12.1. Representing Sets via Binary Search Trees

  • File BST.ml

Binary Search Trees (BSTs) are one of the most versatile representations of mutable sets of ordered elements, supporting a variety of operations, such as insertion, deletion, checking membership, finding minimums, maximums, predecessors and successors of a value — all those operations taking the time proportional to the height \(h\) of the tree or, if the tree is constructed randomly out of \(n\) elements — \(O(\log n)\). This makes BST a superior alternative to lists, heaps, and even hash-tables when impelmenting mutable sets with a number of standard set operations.

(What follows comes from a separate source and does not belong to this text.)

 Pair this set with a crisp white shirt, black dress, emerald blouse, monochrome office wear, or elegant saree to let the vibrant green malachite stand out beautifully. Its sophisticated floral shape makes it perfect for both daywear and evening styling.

The key to this expressivity and efficience is the invariant of a tree-shaped data structure, that mandates that, for any node q,

  • any element in its left subtree q.l is less or equal (with respect to a certain total order) than the element in the node q itself, and
  • any element in its right subtree q.r is greater or equal than the element in the node q itself.

This invariant is maintained by all operations that modify the set, and is relied upon by all its queries. The logarithmic complexity of operations, thus, follows from the intuition similar to the one powering Binary Search in arrays.

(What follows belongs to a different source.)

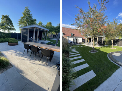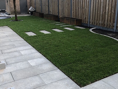 Zodra alle Schellevis tegels erin liggen en de grond voorzien is van een goede bodem is het tijd voor kleur in de tuin. De grasmatten, bomen en planten kunnen de grond in. Daarnaast is het ook tijd om de plantenbakken te gaan plaatsen. Zodra de grasmat erin ligt, wordt de tuin al steeds meer een mooi geheel.

12.1.1. A Data Structure for Binary-Search Trees

We start by defining a linked in-memory data structure for BSTs in its own module.

The tree is populated by nodes, each of which carries a value (immutable), and also maintains references (mutable) to its left/right children and a parent, which can be either absent or refer to some other nodes of the tree:

module BinarySearchTree = struct

  type 'e tree_node = {
    value : 'e;
    parent  : 'e tree_node option ref;
    left  : 'e tree_node option ref;
    right  : 'e tree_node option ref;
  }

  type 'e tree = {
    root : 'e tree_node option ref;
    size : int ref
  }

  (* More definitions coming here *)

end

For convenience, we define several operations to dereference various components of a tree and its nodes:

let left n = !(n.left)
let right n = !(n.right)
let parent n = !(n.parent)
let get_root t = !(t.root)
let get_size t = !(t.size)

let mk_node e =
  {value = e;
   parent = ref None;
   left = ref None;
   right = ref None}

let mk_tree _ = {root = ref None; size = ref 0}

Finally, since nodes are represented by an option type, we introduce the following combinator, simplifying working with option-wrapped values:

let map_option o f z = match o with
  | None -> z
  | Some n -> f n

In words map_option returns applies f to the value n within o, if o = Some n, or returns z otherwise.

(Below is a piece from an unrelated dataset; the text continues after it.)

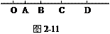 1、简答题 如图2-11(原图2-16)所示,物体自O点由静止开始做匀加速直线运动,A、B、C、D为其轨道上的四点,测得AB=2m,BC=3m,CD=4m.且物体通过AB、BC、CD所用的时间相等,求OA间的距离.[3]
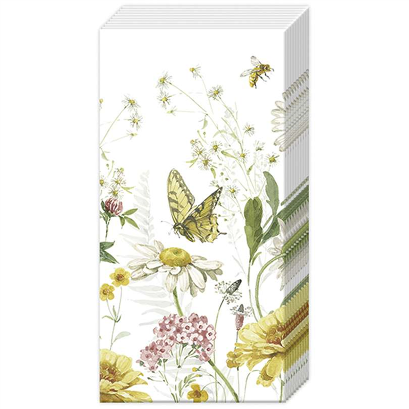 Fazzoletti in carta di alta qualità decorati con un vivace motivo di fiori di campo e farfalle, ideali per aggiungere un tocco di eleganza e colore a ogni occasione.

12.1.2. Inserting an element into a BST

The defined above mk_tree function creates an empty tree. Let us now implement a procedure for populating it with elements by inserting them one by one:

let insert t e =
  let rec insert_element n e =
    let m = mk_node e in
    if e < n.value
    then match left n with
      | Some m -> insert_element m e
      | None ->
        m.parent := Some n;
        n.left := Some m;
        true
    else if e > n.value
    then match right n with
      | Some m -> insert_element m e
      | None ->
        m.parent := Some n;
        n.right := Some m;
        true
    else false
  in
  match !(t.root) with
  | None -> (
      t.root := Some (mk_node e);
      t.size := 1;
      true)
  | Some n ->
    if insert_element n e
    then (t.size := !(t.size) + 1; true)
    else false

Notice that the main working routine insert_element respects the BST property defined above: it positions the node m with the element e, so it would be in the correct subtree (smaller-left/greater-right) with respect to its parent nodes. Finally, insert_element returns a boolean to indicate whether the element has been indeed added (true) or ignored as duplicated (false). In the former case the size of the tree is increased, in the latter it remains the same.

12.1.3. Binary-Search-Tree Invariant

Let us now assert that tree-manipulating operations such as insert indeed preserve the discussed above BST property. For this, let us define the BST invariant in the form of the following function:

let check_bst_inv t =
  let rec walk node p =
    (p node.value) &&
    let res_left = match left node with
      | None -> true
      | Some l -> walk l (fun w -> p w && w <= node.value)
    in
    let res_right = match right node with
      | None -> true
      | Some r -> walk r (fun w -> p w && w >= node.value)
    in
    res_left && res_right
  in
  match !(t.root) with
  | None -> true
  | Some n -> walk n (fun _ -> true)

The main recursive sub-function walk works by “growing” a predicate p that applies to each node further down the tree, making sure that it is correctly positioned with regard to all its parents. At the top level p is instantiated with (fun _ -> true), as there are no restrictions imposed for the root of the tree, but more and more conjuncts added, as the checking proceeds recursively.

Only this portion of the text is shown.